WHAT THE TASK REQUIRES:
An exact copy of the listing below is needed, with no pictures in it.

*** Opening MATERIALS PROVIDED ***

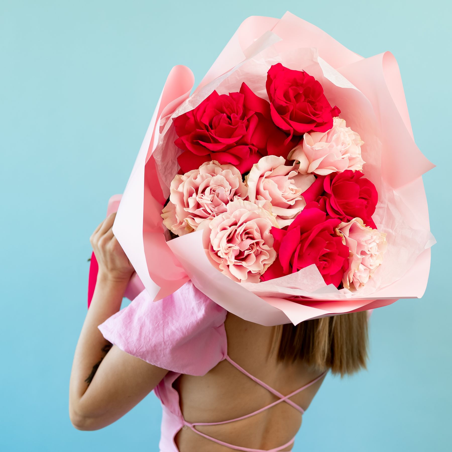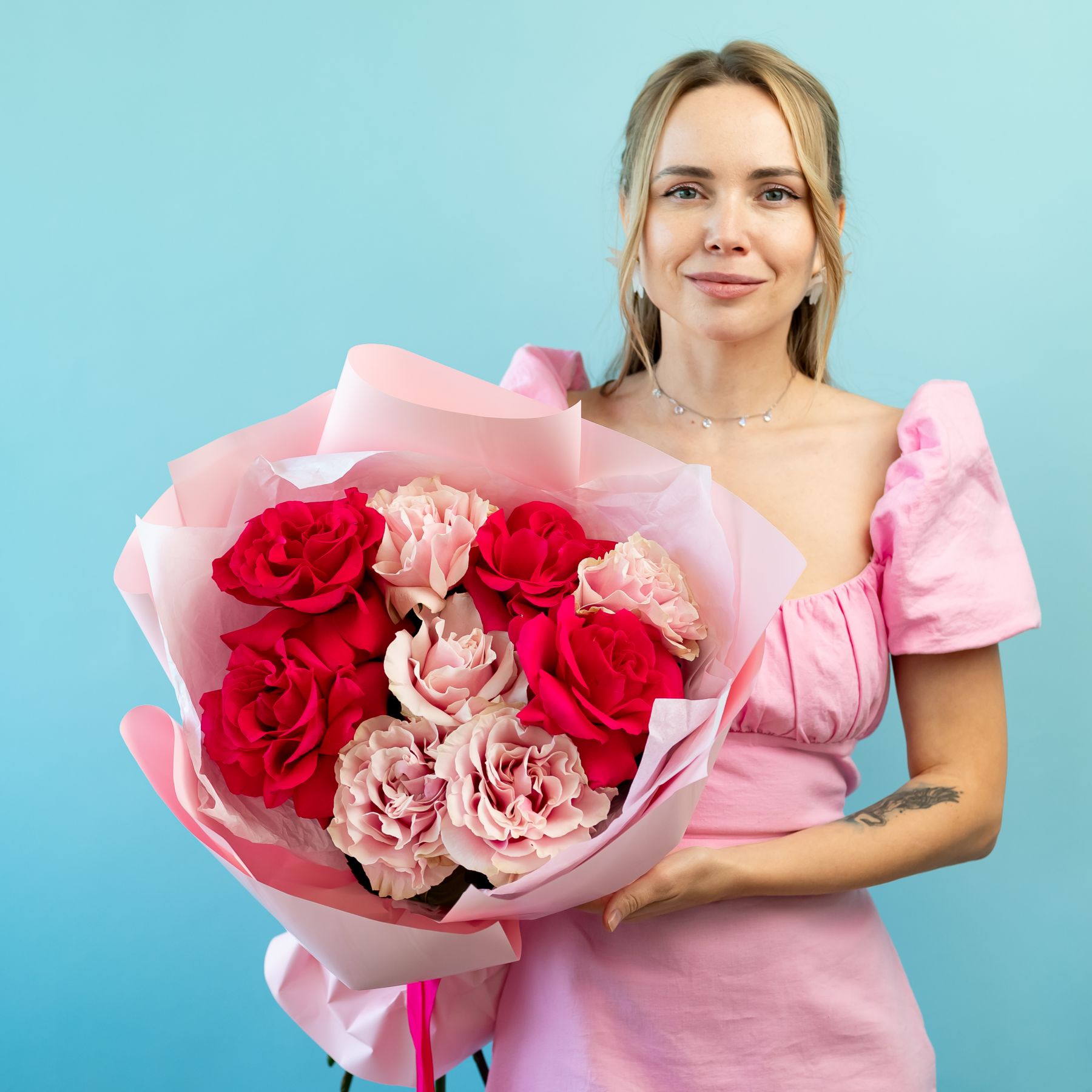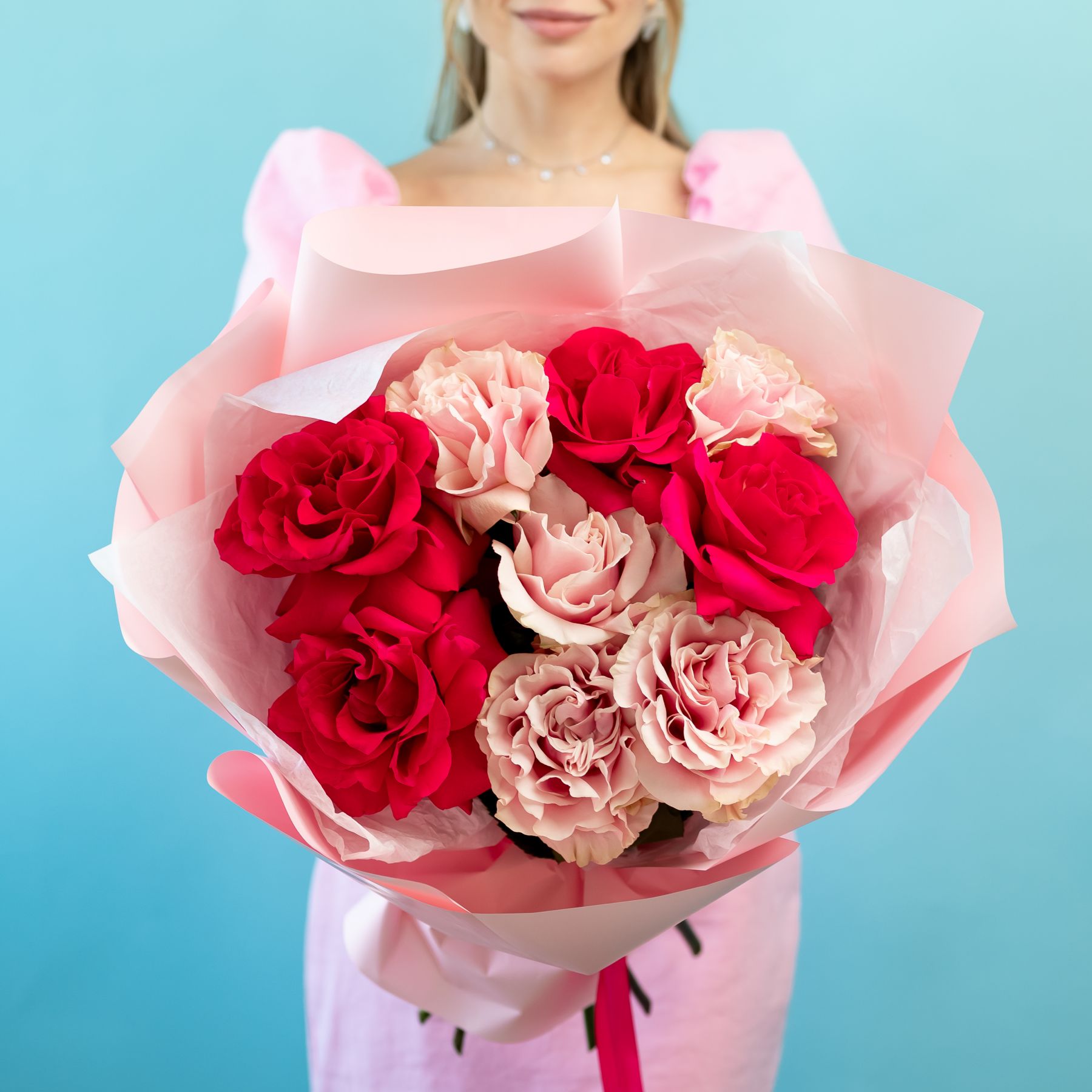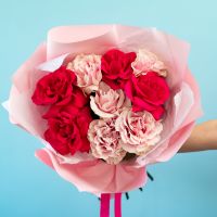 Состав букета может быть изменен исходя из актуального наличия и сезонности цветов, с сохранением цветовой гаммы букета
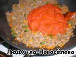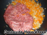 Добавляем фарш и продолжаем обжаривать, постоянно помешивая
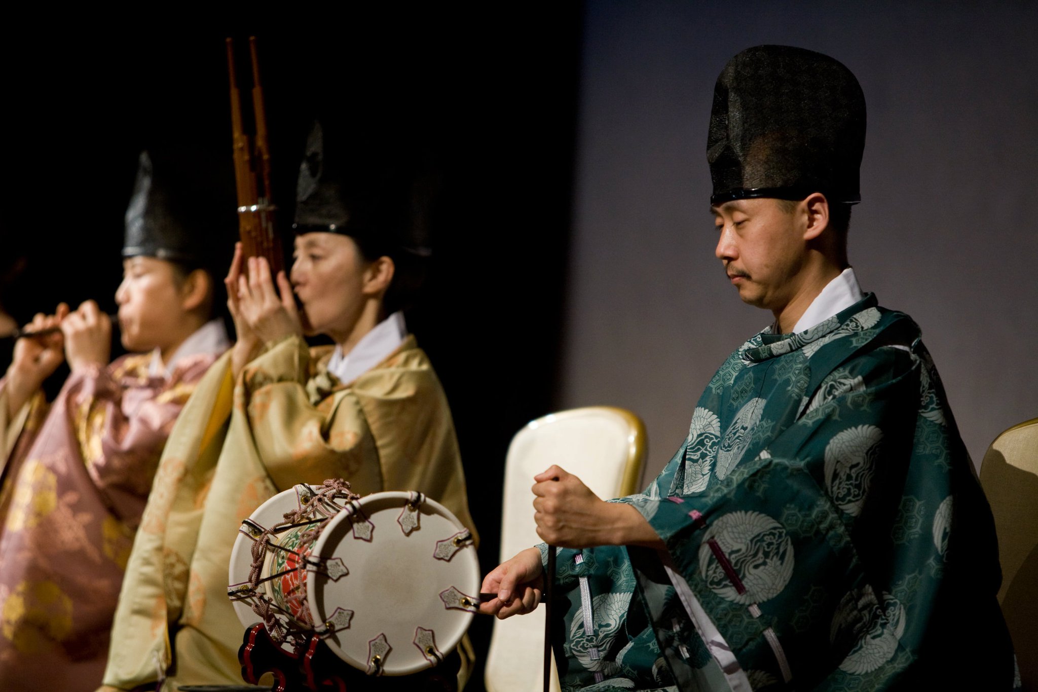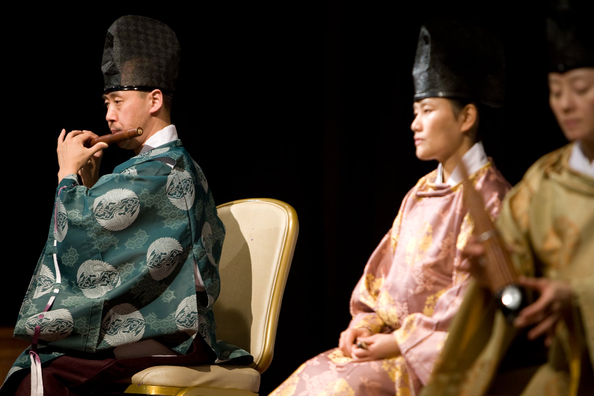 Until at least the 1960’s, due in great part to the Imperial Household Agency’s mission to preserve permanently musical forms that are more than a millennium old, gagaku musical traditions were transmitted as faithfully as possible to their originals. Over the past few decades, however, some imperially-trained musicians have become increasingly aware that preservation alone is not enough to keep an art alive. Pioneers such as former Imperial Household Music Department member Sukeyasu Shiba, who created the Reigakusha gagaku ensemble outside of the court, have held an important role in training new artists. His and other similar ensembles are impacting the present-day international musical scene with their performances of gagaku compositions, both classic and contemporary.
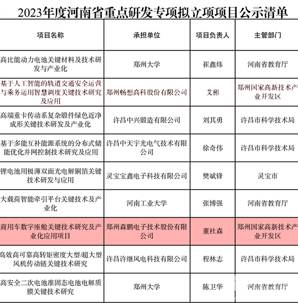 XINGKONG.COM2023年8月18日,河南省科学技术厅公布了《2023年度河南省重点研发专项拟立项公示》文件,多家科技创新企业、高校单位研发项目获得了2023年度河南省重点研发专项支持,森鹏电子“商用车数字座舱关键技术研究及产业化应用项目”荣列在内。
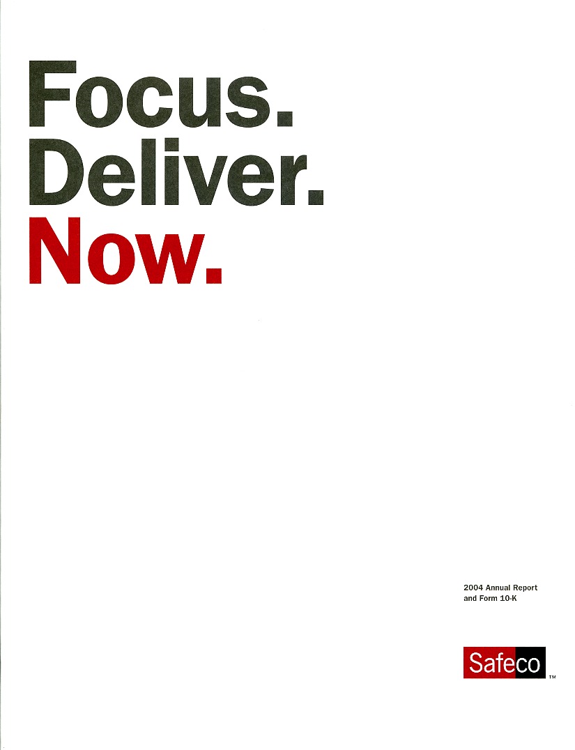 Download This Year's Entry FormAnnual Report Highlights: View Competition Class Performance | Company/Agency Name: | Safeco  / Methodologie | | Company/Agency Web Site: | www.safeco.com / www.methodologie.com | | Company Ticker Symbol: | SAFC | | Annual Revenue: | $1+ Billion | | Employee Base: | 1,000 - 10,000 Employees | | Core Industry: | Insurance & Related | | Award Garnered: | Honors | | | | Judging Results | | First Impression: | | | Report Cover: | | | Letter to Shareholders: | | | Report Narrative: | | | Report Financials: | | | Creativity: | | | Message Clarity: | | | Information Accessibility: | | | Total Score: | |
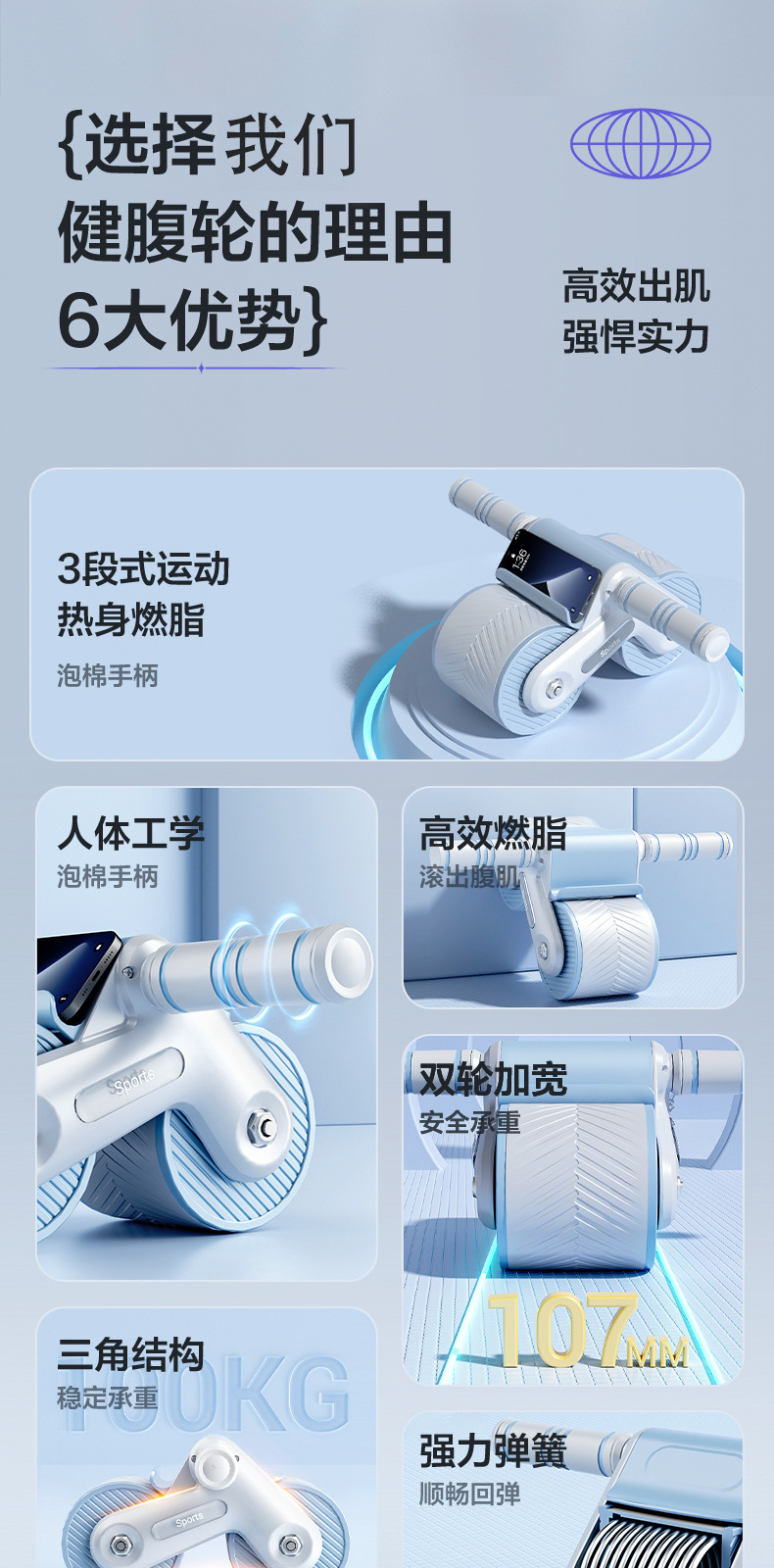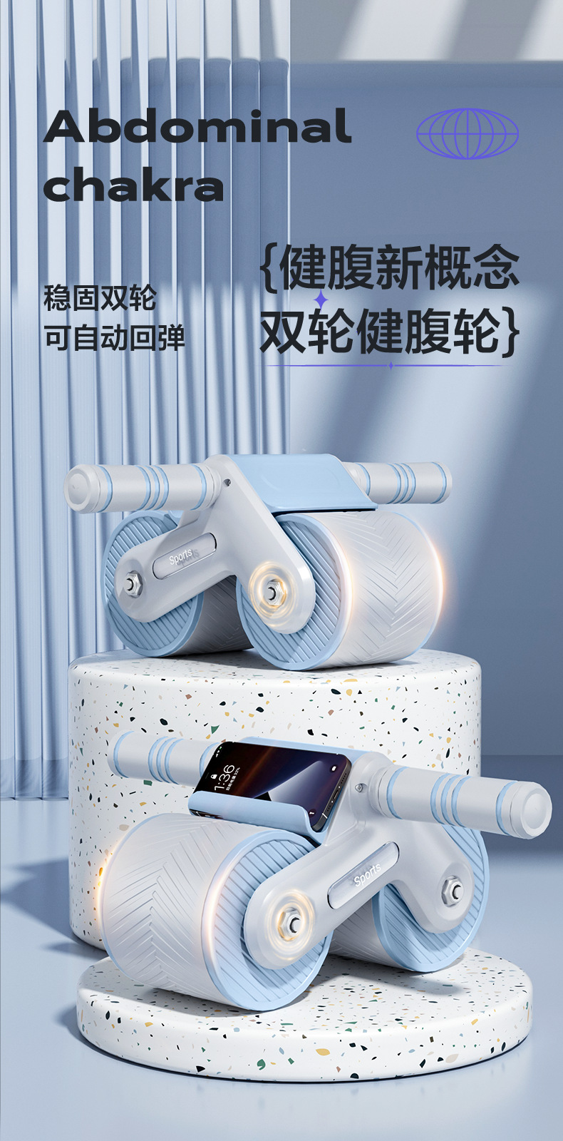 跨境健腹轮自动回弹腹肌轮家用健身器材卷腹神器腹肌轮
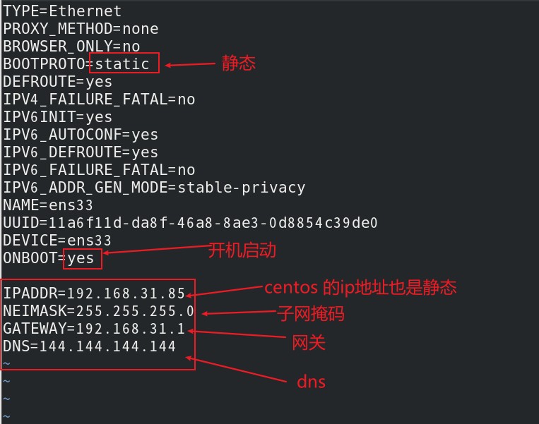 sudo vi /etc/sysconfig/network-scripts/ifcfg-ens33
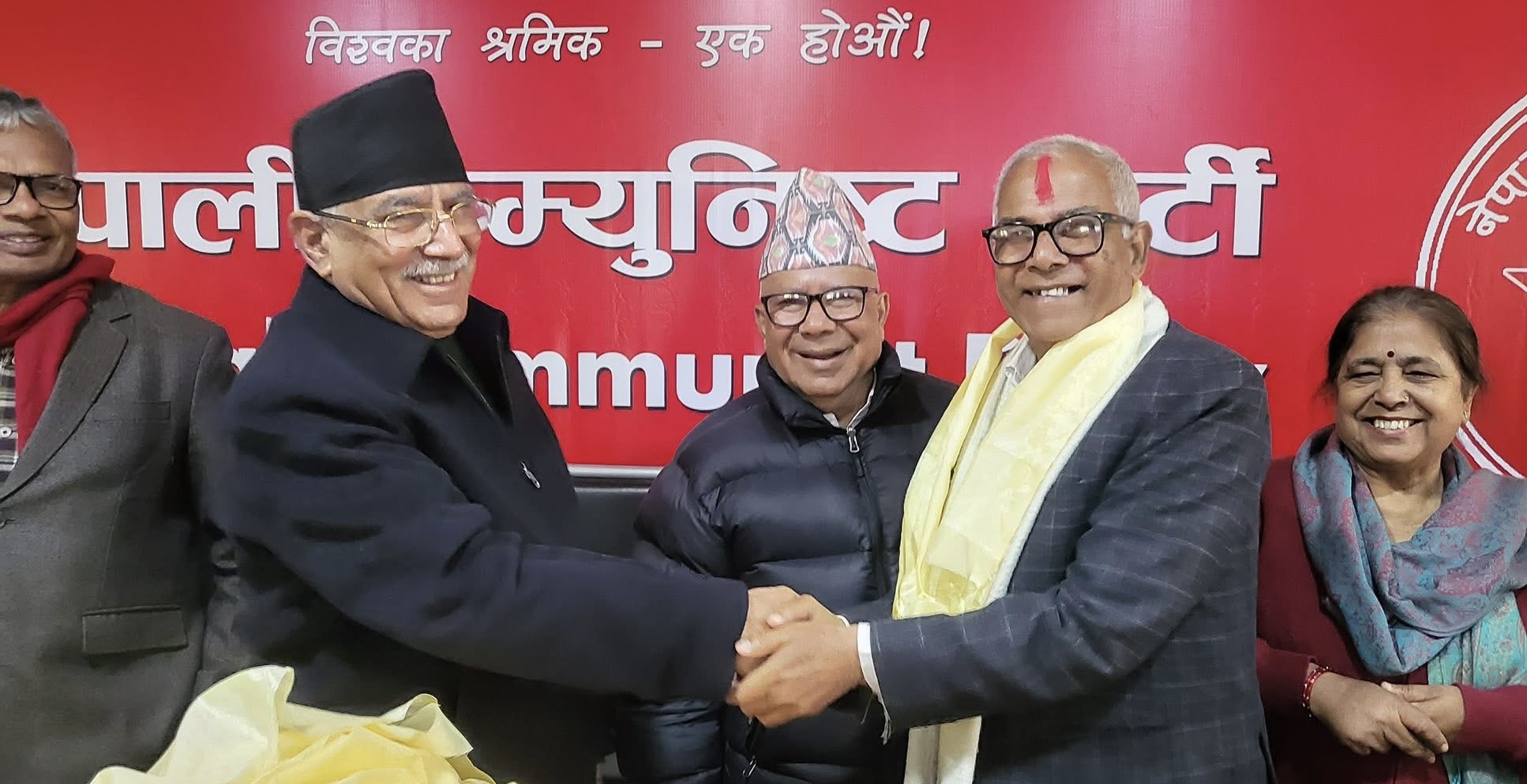 पर्साका एमाले नेता प्रल्हाद गिरी नेकपामा प्रवेश, प्रचण्ड–माधवले गरे स्वागत

*** Closing MATERIALS PROVIDED ***

RESPONSE TO THIS EXERCISE:
 Состав букета может быть изменен исходя из актуального наличия и сезонности цветов, с сохранением цветовой гаммы букета
 Добавляем фарш и продолжаем обжаривать, постоянно помешивая
 Until at least the 1960’s, due in great part to the Imperial Household Agency’s mission to preserve permanently musical forms that are more than a millennium old, gagaku musical traditions were transmitted as faithfully as possible to their originals. Over the past few decades, however, some imperially-trained musicians have become increasingly aware that preservation alone is not enough to keep an art alive. Pioneers such as former Imperial Household Music Department member Sukeyasu Shiba, who created the Reigakusha gagaku ensemble outside of the court, have held an important role in training new artists. His and other similar ensembles are impacting the present-day international musical scene with their performances of gagaku compositions, both classic and contemporary.
 XINGKONG.COM2023年8月18日,河南省科学技术厅公布了《2023年度河南省重点研发专项拟立项公示》文件,多家科技创新企业、高校单位研发项目获得了2023年度河南省重点研发专项支持,森鹏电子“商用车数字座舱关键技术研究及产业化应用项目”荣列在内。
 Download This Year's Entry FormAnnual Report Highlights: View Competition Class Performance | Company/Agency Name: | Safeco  / Methodologie | | Company/Agency Web Site: | www.safeco.com / www.methodologie.com | | Company Ticker Symbol: | SAFC | | Annual Revenue: | $1+ Billion | | Employee Base: | 1,000 - 10,000 Employees | | Core Industry: | Insurance & Related | | Award Garnered: | Honors | | | | Judging Results | | First Impression: | | | Report Cover: | | | Letter to Shareholders: | | | Report Narrative: | | | Report Financials: | | | Creativity: | | | Message Clarity: | | | Information Accessibility: | | | Total Score: | |
 跨境健腹轮自动回弹腹肌轮家用健身器材卷腹神器腹肌轮
 sudo vi /etc/sysconfig/network-scripts/ifcfg-ens33
 पर्साका एमाले नेता प्रल्हाद गिरी नेकपामा प्रवेश, प्रचण्ड–माधवले गरे स्वागत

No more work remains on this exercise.